Back on our bikes, we settled into a rhythm. S is much better on the hills (up and down) than I am, but I tend to go faster on the "flat", and the first few miles saw us establish the pattern for the day, leap-frogging one another but then waiting and riding together for a chat before the contours split us up again.

The forecast for the day wasn't particularly promising but the early sunshine was wonderfully warm and it was great riding amongst so many people all smiling at the same thing - being out on our bikes with the sun on our backs.

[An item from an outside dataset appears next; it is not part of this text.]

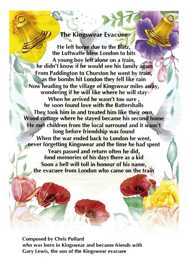 Through the generosity of the Lewis family of Kingswear they were able to buy the 3rd bell – The Thomas William Lewis Peace Bell which is dedicated to the memory of Second World War Kingswear evacuee Thomas William Lewis. His story, and an associated poem, can be viewed through this LINK.

Those smiles waxed and waned with the landscape, which gave us a real mix of steep climbs and fast descents. I hit 35mph quite early on, but also got off and walked if the climbs were too much. We'd long since agreed to just enjoy the day and I couldn't see any point in pushing too hard in the morning and then having to be towed home at the end, my legs nothing more than a mushy heap of chewed up string.

Depending on your perspective, the first real challenge came at mile #18, a particularly brutal climb out of the village of Brompton Regis. S and I stopped for a break and enjoyed watching the same expression appear on everyone's face as they came round the bend and saw what lay ahead. Well, above...

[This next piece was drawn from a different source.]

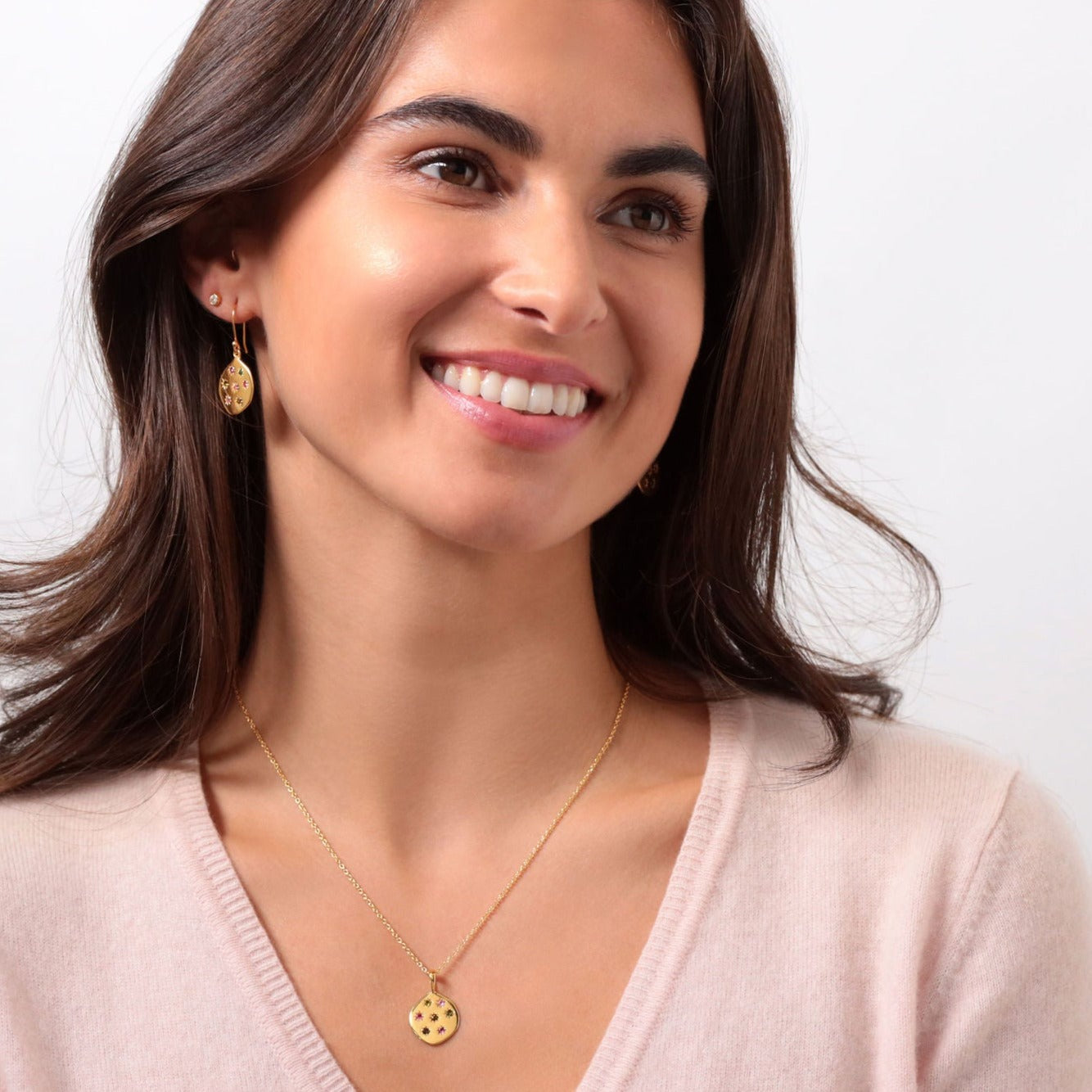 A tactile, organic oval with seven dazzling tourmaline gemstones. An everyday beauty that reminds us of nights spent gazing at the stars. It also comes with matching earrings!

Look closely and you'll see why!

The calibre of the riders who made it to the top was amazing and I swear the biggest sprocket on one guy's rear cassette had no more than 23 teeth, if that.  Us mere mortals chatted and laughed as we walked to the top, cheering on the others and all agreeing that we would have put in the effort but [insert comic reason here].






The route then took us onto home turf for me - the ridge along the top of the Brendon Hills. It's always cloudy when I go up there, and today was no different.






Still, if that looked bad, the views from Dunkery Beacon (highest point on Exmoor) looked as though they would be even worse.






There wasn't long to go until the feed station but having climbed up to 1300 feet, we had to drop back down to the Exe Valley before pleasures such as a hot drink and loo paper were ours. Like I said, S is better on the hills than me, and she's a rocket going down. Like me, she knows these roads really well (better, actually, her mother lives here and she's been driving, cycling, riding and walking these hills for years) and shot off like a bullet. My jaw hit the ground as she vanished at 44mph and I was so busy keeping it out of my spokes that I could only managed 38, my top speed for the day.






Instead of queuing for the portaloos, we went to her mother's house, not far from the feed station, and had ourselves a decent break, finishing off our sandwiches and enjoying fresh tea and coffee and a superb home made cake. 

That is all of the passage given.